▶ _Input_:
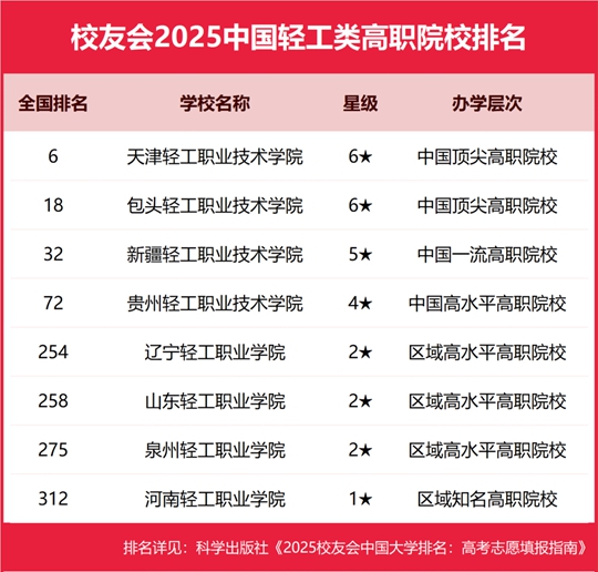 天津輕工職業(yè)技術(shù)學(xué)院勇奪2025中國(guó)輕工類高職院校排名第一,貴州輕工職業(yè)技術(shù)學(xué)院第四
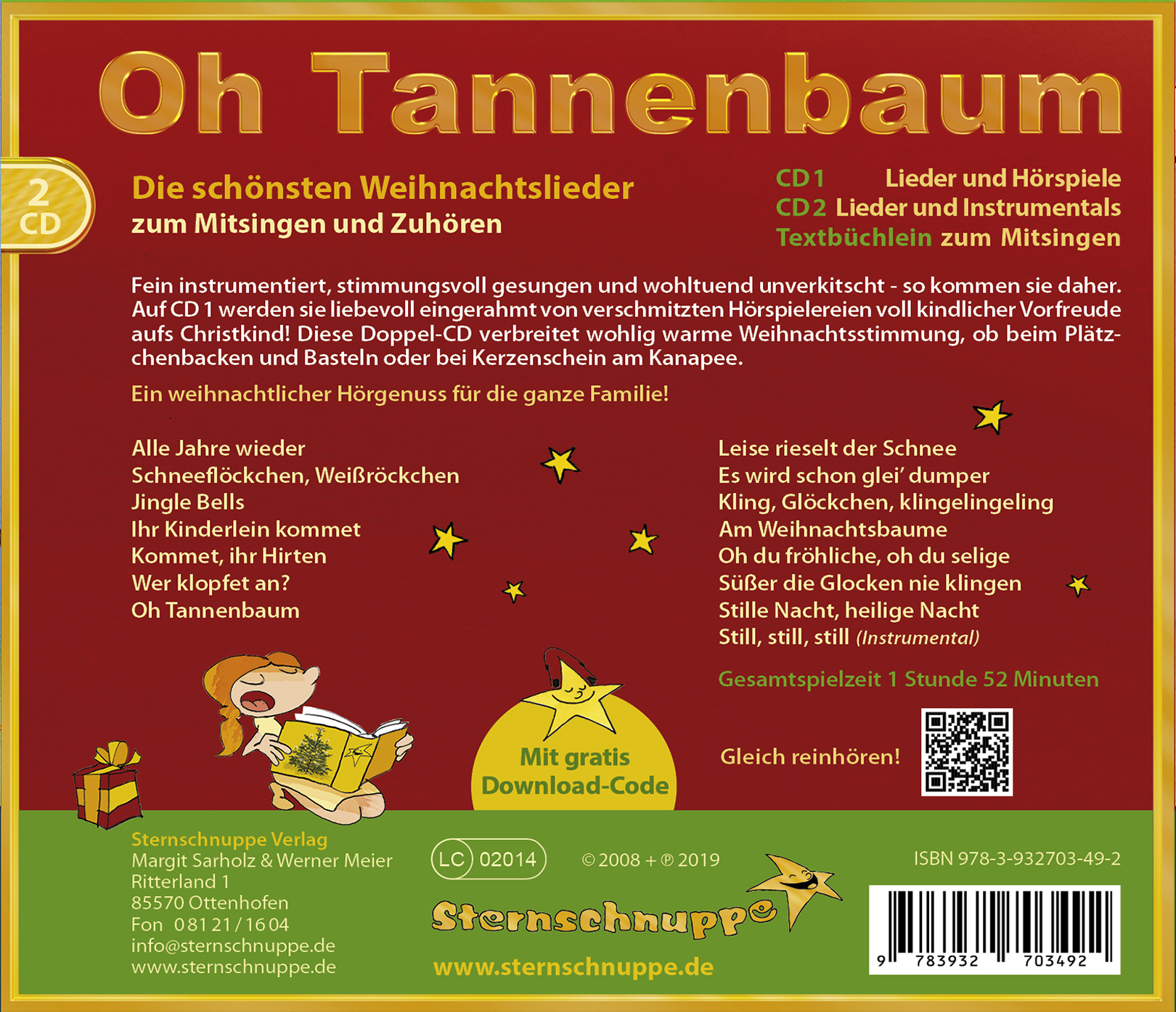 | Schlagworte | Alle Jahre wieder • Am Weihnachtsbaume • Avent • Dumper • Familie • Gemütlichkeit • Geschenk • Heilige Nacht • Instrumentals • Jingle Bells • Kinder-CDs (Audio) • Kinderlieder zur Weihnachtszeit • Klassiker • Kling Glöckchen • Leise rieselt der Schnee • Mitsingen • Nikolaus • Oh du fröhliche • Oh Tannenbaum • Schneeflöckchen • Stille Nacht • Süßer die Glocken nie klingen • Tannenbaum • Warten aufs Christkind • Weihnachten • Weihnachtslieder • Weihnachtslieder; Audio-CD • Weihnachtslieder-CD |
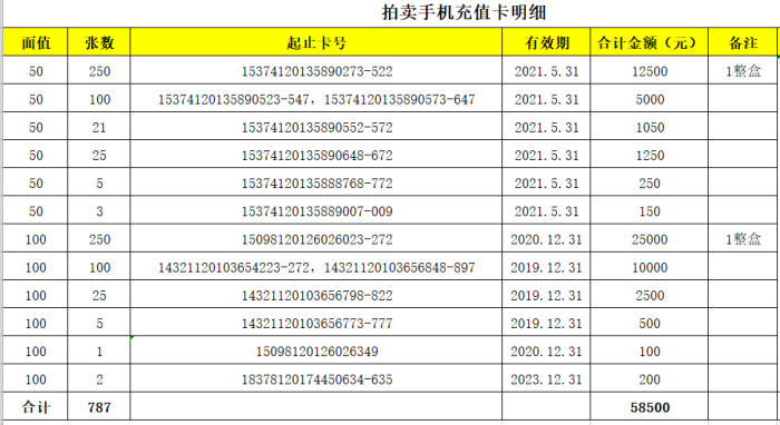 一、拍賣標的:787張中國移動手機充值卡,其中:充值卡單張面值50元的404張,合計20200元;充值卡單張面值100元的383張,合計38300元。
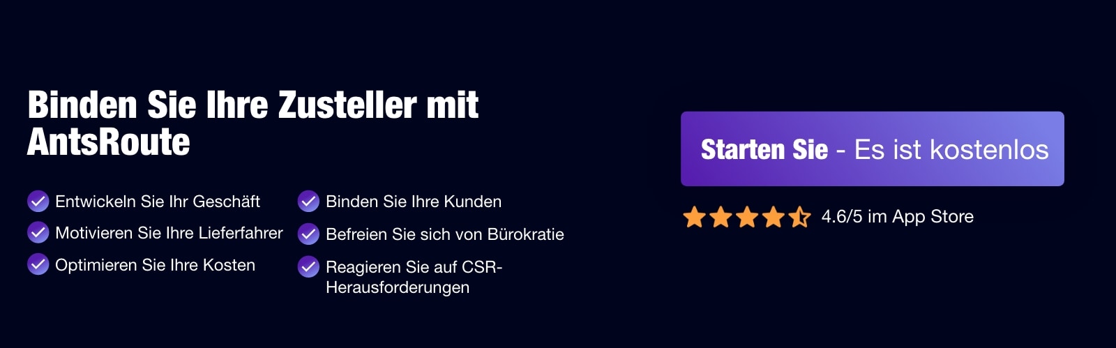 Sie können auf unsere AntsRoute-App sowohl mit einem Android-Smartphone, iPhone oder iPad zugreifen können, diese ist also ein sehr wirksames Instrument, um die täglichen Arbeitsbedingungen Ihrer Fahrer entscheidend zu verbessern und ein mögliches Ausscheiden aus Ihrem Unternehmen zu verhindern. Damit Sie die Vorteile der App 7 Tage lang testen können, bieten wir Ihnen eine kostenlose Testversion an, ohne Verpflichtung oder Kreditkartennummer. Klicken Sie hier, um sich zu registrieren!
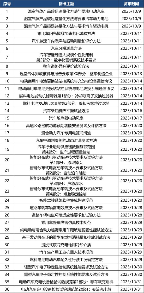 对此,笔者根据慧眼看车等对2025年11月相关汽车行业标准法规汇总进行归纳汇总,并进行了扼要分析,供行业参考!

▶ _Exercise aim_: Leave out the pictures, and retype exactly the lines from the one containing "Audio-CD • Weihnachtslieder-CD |" through the last line of the data above, no more and no less.

▶ _Expected answer_:
 | Schlagworte | Alle Jahre wieder • Am Weihnachtsbaume • Avent • Dumper • Familie • Gemütlichkeit • Geschenk • Heilige Nacht • Instrumentals • Jingle Bells • Kinder-CDs (Audio) • Kinderlieder zur Weihnachtszeit • Klassiker • Kling Glöckchen • Leise rieselt der Schnee • Mitsingen • Nikolaus • Oh du fröhliche • Oh Tannenbaum • Schneeflöckchen • Stille Nacht • Süßer die Glocken nie klingen • Tannenbaum • Warten aufs Christkind • Weihnachten • Weihnachtslieder • Weihnachtslieder; Audio-CD • Weihnachtslieder-CD |
 一、拍賣標的:787張中國移動手機充值卡,其中:充值卡單張面值50元的404張,合計20200元;充值卡單張面值100元的383張,合計38300元。
 Sie können auf unsere AntsRoute-App sowohl mit einem Android-Smartphone, iPhone oder iPad zugreifen können, diese ist also ein sehr wirksames Instrument, um die täglichen Arbeitsbedingungen Ihrer Fahrer entscheidend zu verbessern und ein mögliches Ausscheiden aus Ihrem Unternehmen zu verhindern. Damit Sie die Vorteile der App 7 Tage lang testen können, bieten wir Ihnen eine kostenlose Testversion an, ohne Verpflichtung oder Kreditkartennummer. Klicken Sie hier, um sich zu registrieren!
 对此,笔者根据慧眼看车等对2025年11月相关汽车行业标准法规汇总进行归纳汇总,并进行了扼要分析,供行业参考!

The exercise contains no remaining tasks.